Como todos sabemos, não existe essa história de não tomar partido, e isso vale, principalmente, para a turma que prefere se colocar em uma torre de marfim, toda limpinha, acima do bem e do mal, muito além das disputas e das picuinhas da direita e da esquerda; pessoas essas que se consideram isentas, prudentes e muitíssimo sofisticadas e que, de forma muito ladina, querem apenas e tão somente, se possível for, tirar o máximo de vantagem de qualquer time que venha a encilhar sua cela política na égua baia do poder estatal.

Se nos portamos desse modo, não estamos, de modo algum, agindo por princípios. Estamos apenas elevando, a categoria de princípios, os nossos interesses tacanhos e imediatistas.

Doutra parte, não há nada de profundamente meritório em ser um “homem de partido”, que defende com unhas e dentes todas as traquitanas e estripulias que são orquestradas por um partido político ou que são praticadas em nome dele.

Quando procedemos dessa maneira, acabamos por confundir a tomada de partido em relação a algo, com a tomada de nossa consciência por um partido, para nos manipular em relação a tudo.

Como diria Ortega y Gasset, muitas e muitas pessoas preferem agir assim por causa da segurança psicológica que lhes é dada pelo fato de estarem integrando um grupo. Há pessoas que preferem ter sua mente carregada pelas mãos invisíveis de um partido, e arrastada pelos tentáculos de uma multidão, do que andar, de forma claudicante, com pernas da sua própria consciência.
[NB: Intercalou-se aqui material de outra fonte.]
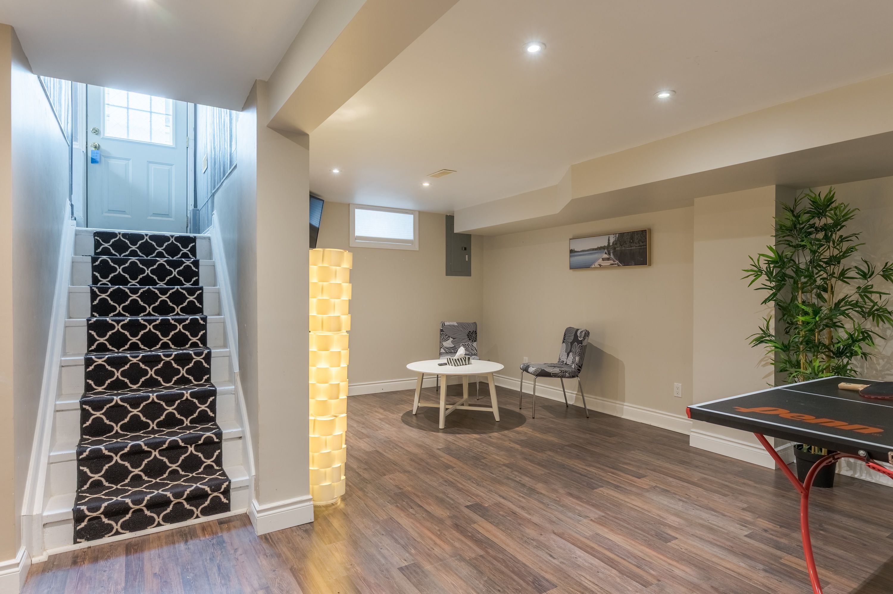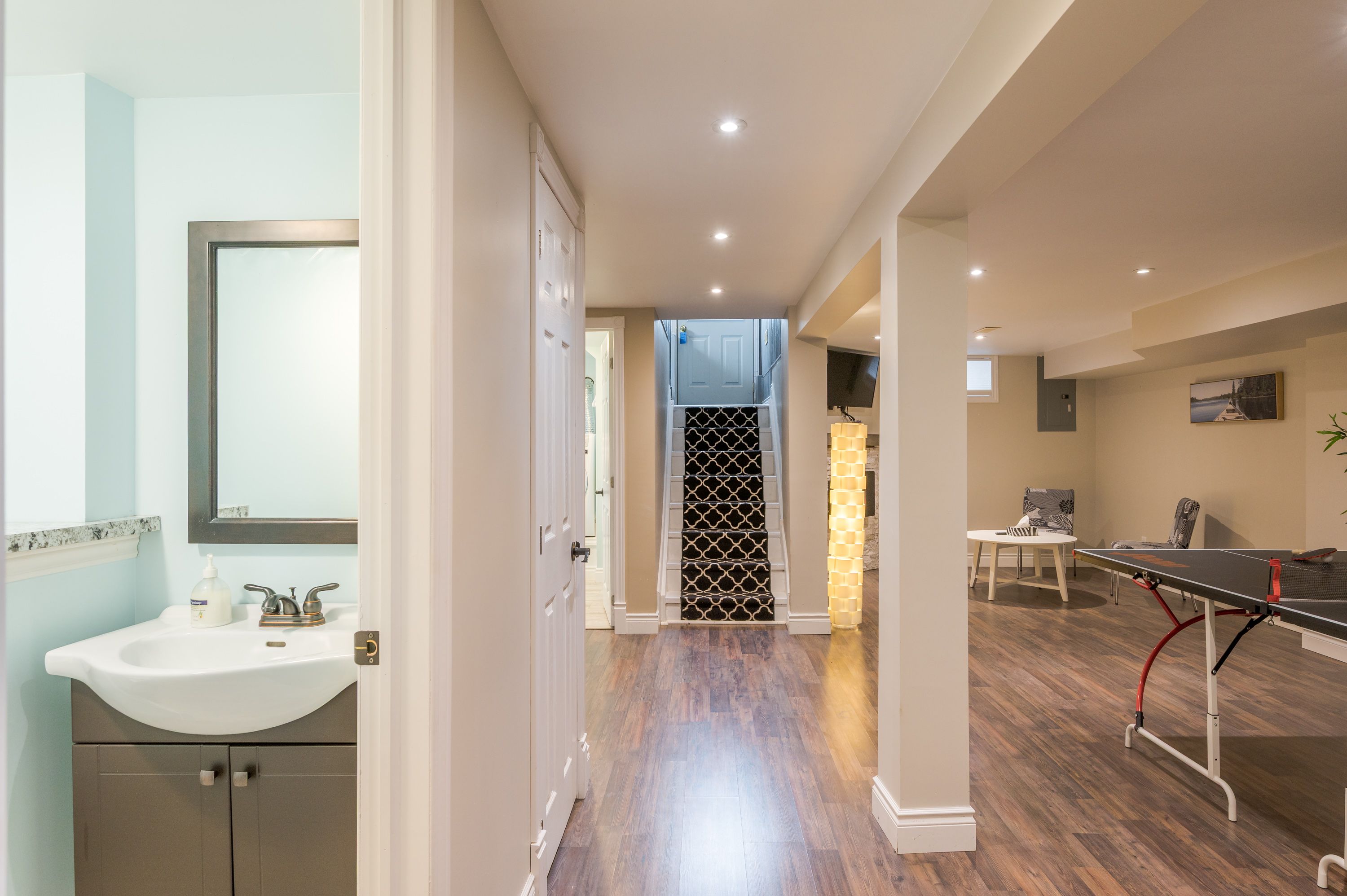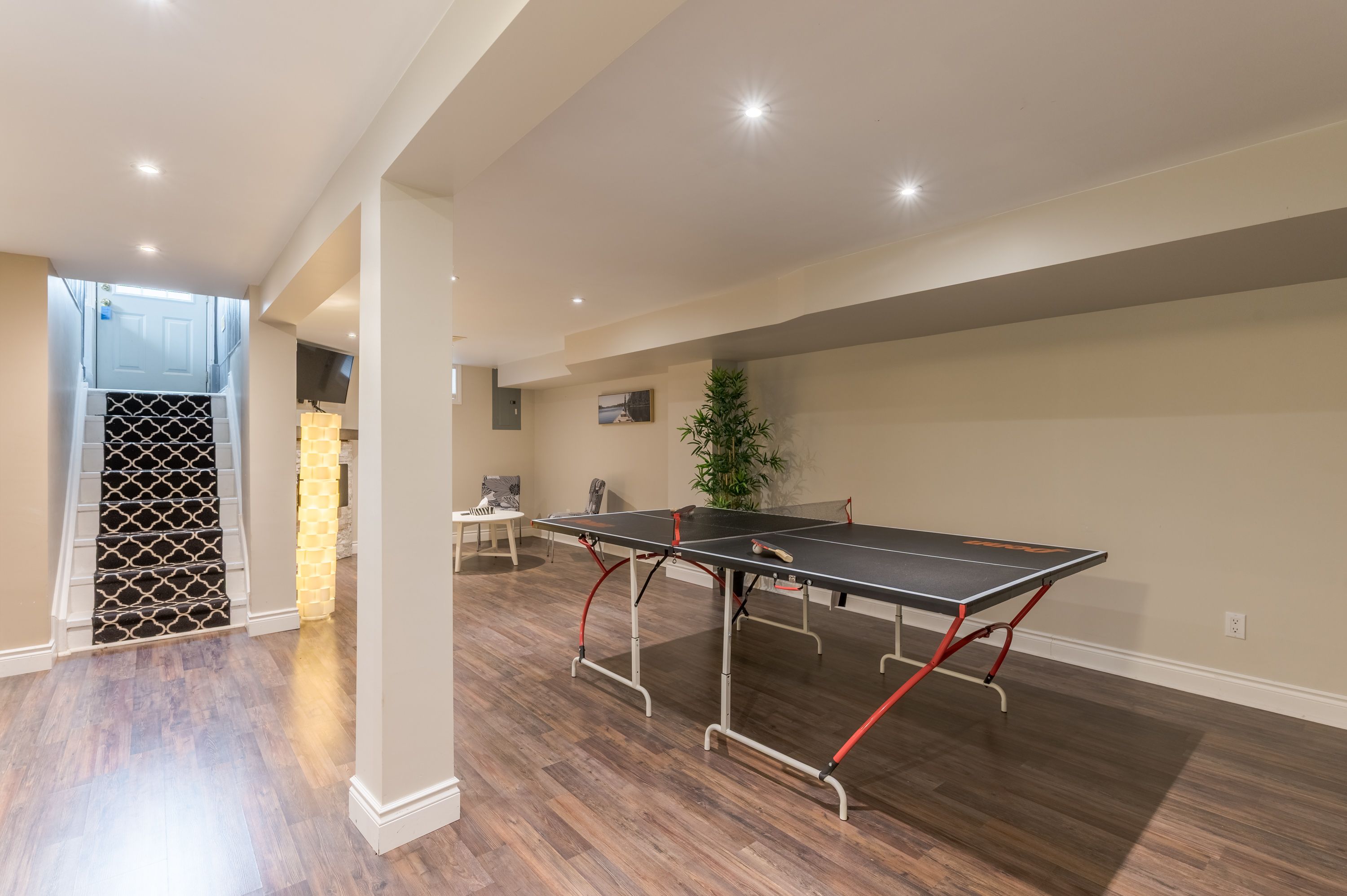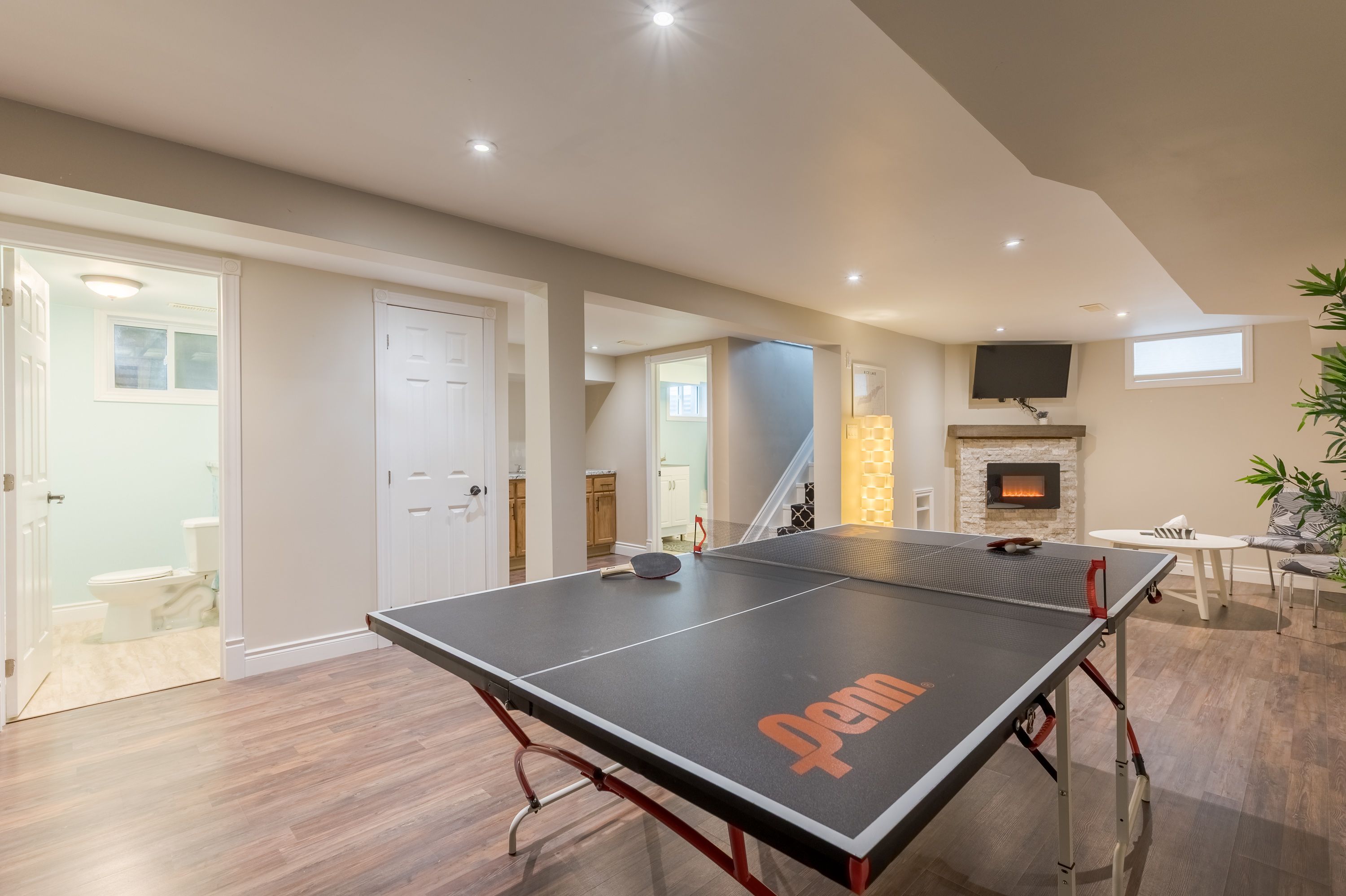 • Finished basement includes family room, wet bar, and additional bedroom.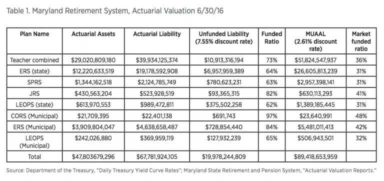 According to the actuarial reports, Maryland’s Retirement System faces an unfunded liability of $19.9 billion in FY 2016. These estimates are based on the state earning an assumed 7.55 percent on plan assets each year. When valuing these liabilities on a guaranteed-to-be-paid basis, based on the return on Treasury bonds, the unfunded liability is more than four times larger, or $89.4 billion. Recent investment returns have been poor for the retirement system, putting more pressure on the state to make up contributions.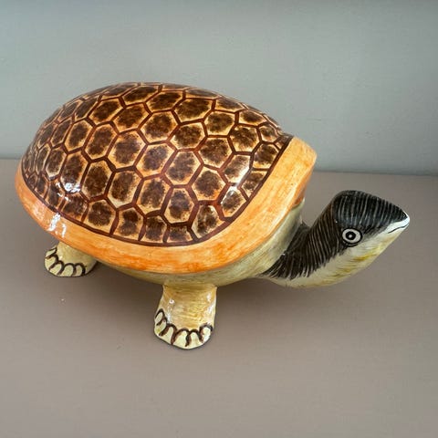 Keramiikkarasia kannella ja koirafiguuri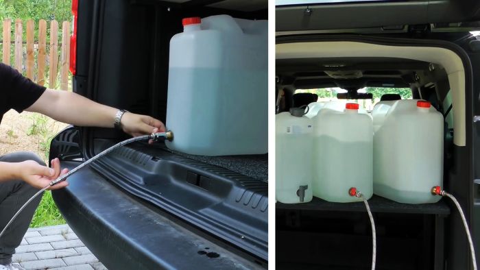 Теперь при необходимости можно воспользоваться водой из канистры, не вытаскивая ее из багажника. Достаточно конец шланга вывести за пределы машины и открыть кран. Воздух в канистру будет поступать по слегка отвинченной верхней крышке.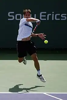 Tomás Robredo Garcés, known as Tommy Robredo (Spanish pronunciation: [ˈtomi roˈβɾeðo ɣaɾˈθes],[lower-alpha 1][3] Catalan: [ɡəɾˈses]; born 1 May 1982), is a Spanish former professional tennis player.[4] His career-high singles ranking was world No. 5, which he reached in August 2006 as a result of winning the Hamburg Masters earlier in the year. Robredo reached the quarterfinals at seven singles major tournaments. He was also a three-time semifinalist at the US Open men's doubles tournament, and a semifinalist at the Australian Open in mixed doubles.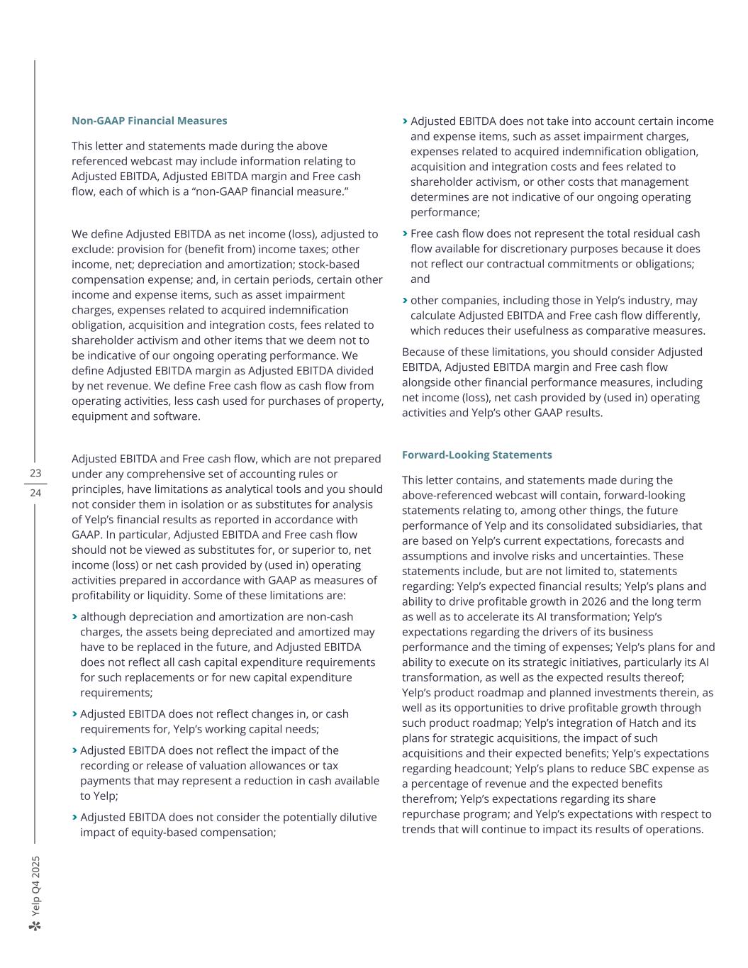 Ye lp Q 4 20 25 Non-GAAP Financial Measures This letter and statements made during the above referenced webcast may include information relating to Adjusted EBITDA, Adjusted EBITDA margin and Free cash flow, each of which is a “non-GAAP financial measure.” We define Adjusted EBITDA as net income (loss), adjusted to exclude: provision for (benefit from) income taxes; other income, net; depreciation and amortization; stock-based compensation expense; and, in certain periods, certain other income and expense items, such as asset impairment charges, expenses related to acquired indemnification obligation, acquisition and integration costs, fees related to shareholder activism and other items that we deem not to be indicative of our ongoing operating performance. We define Adjusted EBITDA margin as Adjusted EBITDA divided by net revenue. We define Free cash flow as cash flow from operating activities, less cash used for purchases of property, equipment and software. Adjusted EBITDA and Free cash flow, which are not prepared under any comprehensive set of accounting rules or principles, have limitations as analytical tools and you should not consider them in isolation or as substitutes for analysis of Yelp’s financial results as reported in accordance with GAAP. In particular, Adjusted EBITDA and Free cash flow should not be viewed as substitutes for, or superior to, net income (loss) or net cash provided by (used in) operating activities prepared in accordance with GAAP as measures of profitability or liquidity. Some of these limitations are: > although depreciation and amortization are non-cash charges, the assets being depreciated and amortized may have to be replaced in the future, and Adjusted EBITDA does not reflect all cash capital expenditure requirements for such replacements or for new capital expenditure requirements; > Adjusted EBITDA does not reflect changes in, or cash requirements for, Yelp’s working capital needs; > Adjusted EBITDA does not reflect the impact of the recording or release of valuation allowances or tax payments that may represent a reduction in cash available to Yelp; > Adjusted EBITDA does not consider the potentially dilutive impact of equity-based compensation; > Adjusted EBITDA does not take into account certain income and expense items, such as asset impairment charges, expenses related to acquired indemnification obligation, acquisition and integration costs and fees related to shareholder activism, or other costs that management determines are not indicative of our ongoing operating performance; > Free cash flow does not represent the total residual cash flow available for discretionary purposes because it does not reflect our contractual commitments or obligations; and > other companies, including those in Yelp’s industry, may calculate Adjusted EBITDA and Free cash flow differently, which reduces their usefulness as comparative measures. Because of these limitations, you should consider Adjusted EBITDA, Adjusted EBITDA margin and Free cash flow alongside other financial performance measures, including net income (loss), net cash provided by (used in) operating activities and Yelp’s other GAAP results. Forward-Looking Statements This letter contains, and statements made during the above-referenced webcast will contain, forward-looking statements relating to, among other things, the future performance of Yelp and its consolidated subsidiaries, that are based on Yelp’s current expectations, forecasts and assumptions and involve risks and uncertainties. These statements include, but are not limited to, statements regarding: Yelp’s expected financial results; Yelp’s plans and ability to drive profitable growth in 2026 and the long term as well as to accelerate its AI transformation; Yelp’s expectations regarding the drivers of its business performance and the timing of expenses; Yelp’s plans for and ability to execute on its strategic initiatives, particularly its AI transformation, as well as the expected results thereof; Yelp’s product roadmap and planned investments therein, as well as its opportunities to drive profitable growth through such product roadmap; Yelp’s integration of Hatch and its plans for strategic acquisitions, the impact of such acquisitions and their expected benefits; Yelp’s expectations regarding headcount; Yelp’s plans to reduce SBC expense as a percentage of revenue and the expected benefits therefrom; Yelp’s expectations regarding its share repurchase program; and Yelp’s expectations with respect to trends that will continue to impact its results of operations. 23 24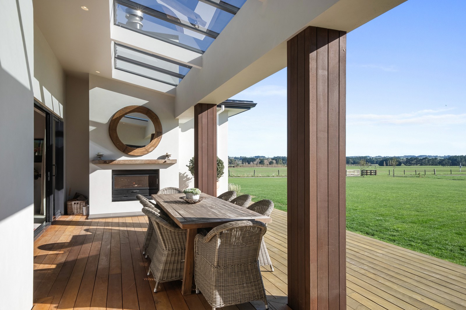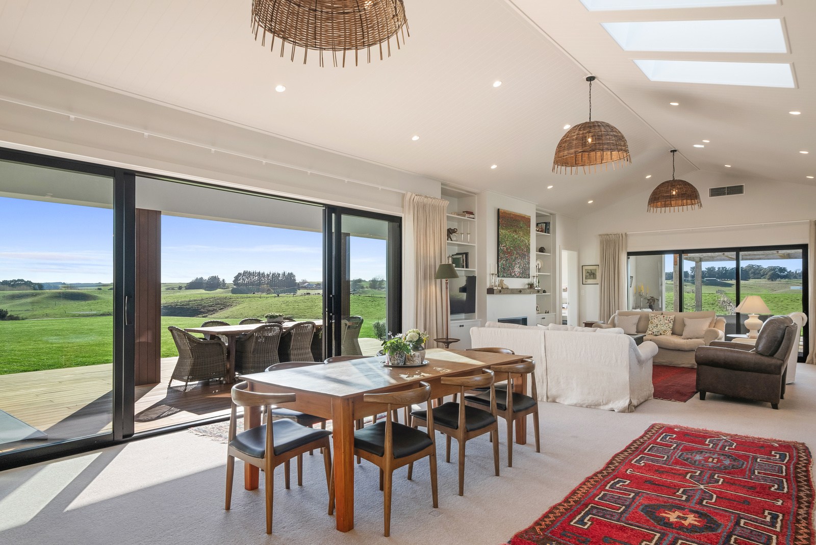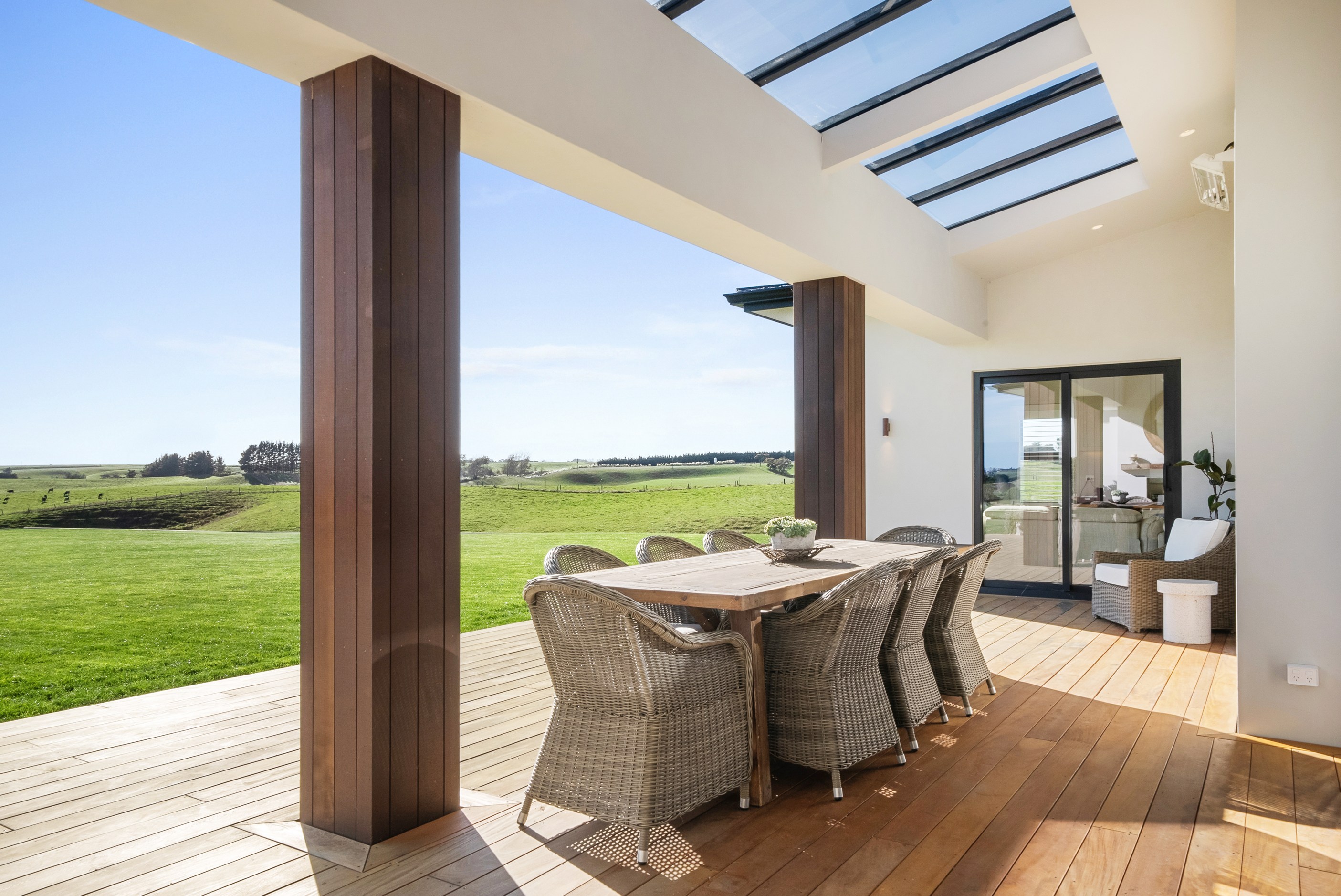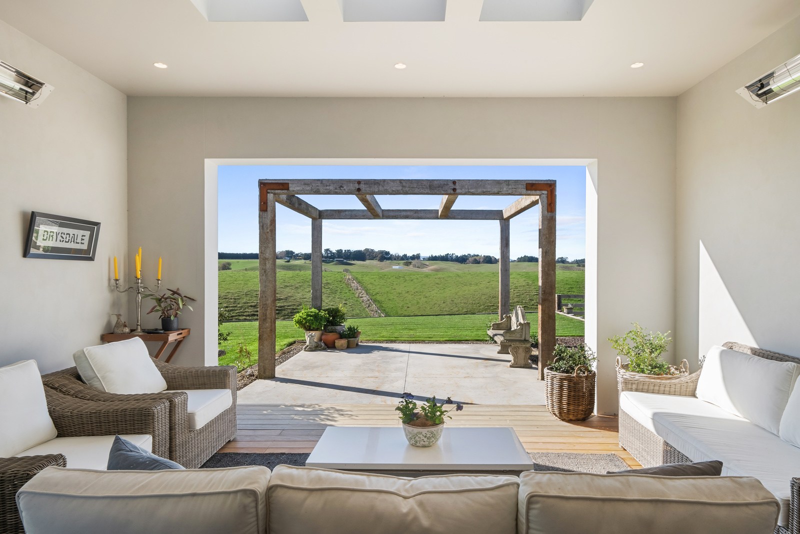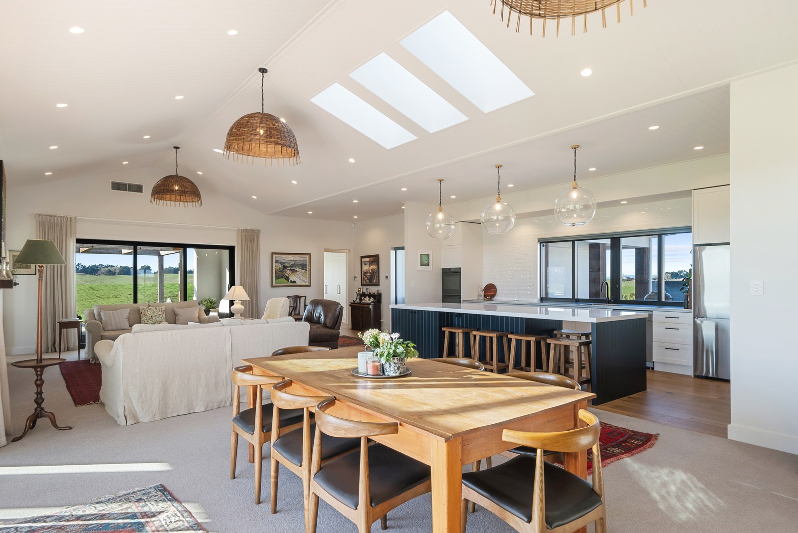 Set amid expansive views of rolling farmland, this four-bedroom, two-bathroom retreat is made for rural living. A walled gravel courtyard, complete with planter boxes and a water feature, creates a welcoming approach, while generous garaging is practical in this setting. Covered outdoor living zones are anchored by a built-in fireplace, offering a warm, sheltered vantage point to enjoy the shifting light as it colours the surrounding landscape. Inside, the 337sqm layout blends timeless materials with contemporary ease. Traditional farmhouse cues — weathered timber features, crisp plaster and deep eaves — give way to expansive, open-plan living, where three skylights draw light into the heart of the home.

Diante do exposto, o que seria então menos danoso para a nossa personalidade: a atitude cínica do “isentão” ou o engajamento insensato e temerário nas fileiras de uma ideologia? Francamente, penso que nem uma coisa, nem outra.

Devemos, sim, no meu entender, nos esmerar em tomarmos uma posição clara em relação à realidade dos fatos da vida, à luz da nossa consciência. Por isso, recuar pode ser uma opção, avançar também, mas nos calar e nos omitir, não. De jeito maneira.

Sim, podemos nos equivocar ao tomar uma decisão, como podemos estar redondamente mal-informados a respeito dos acontecimentos que estão marcando os caminhos e descaminhos da sociedade, mas seremos nós que estaremos cometendo esse erro e assumindo a responsabilidade. Não terá essa de nos fiarmos na máxima de Homer Simpson, que diz: “A culpa é minha e eu coloco em quem eu quiser”. Nada disso.

Agora, quando colocamos nossos interesses mesquinhos acima da nossa consciência, o trem desanda de vez, porque, desse modo, acabamos por eleger como critério de julgamento das nossas decisões, da nossa “cidadania”, tão só e simplesmente o tamanho das vantagens pecuniárias que poderão ou não ser obtidas por nós em uma disputa de poder, seguindo à risca a velha lei de Gerson.

E se aderimos apaixonadamente a um partido, colocando-o no lugar da nossa consciência, adotando suas diretrizes como se fossem os princípios orientadores da nossa vida, o único critério de avaliação que teremos será a conquista do poder pelo partido e, é claro, a manutenção da presença do dito-cujo nas entranhas da besta-fera estatal.

Por isso, tomar partido, de forma responsável, é defender a soberania da verdade sobre todos os interesses, inclusive e principalmente sobre os nossos. Ser um homem de partido é tomar parte na luta pela defesa da majestade da verdade sobre todos nós, principalmente quando a verdade está nos chamando a atenção para as nossas inúmeras fraquezas e limitações.

Sejamos de direita, de esquerda, ou tico-tico no fubá (isentão), é de fundamental importância que procuremos lutar para preservar a nossa mente das sedições que se levantam contra ela, sublevações essas que abundam nesse mundo e que não medem esforços para nos degradar, e, principalmente, lutemos, sem fatigar, para proteger nossa consciência contra as mil e uma fraquezas do nosso caráter, ou da falta dele.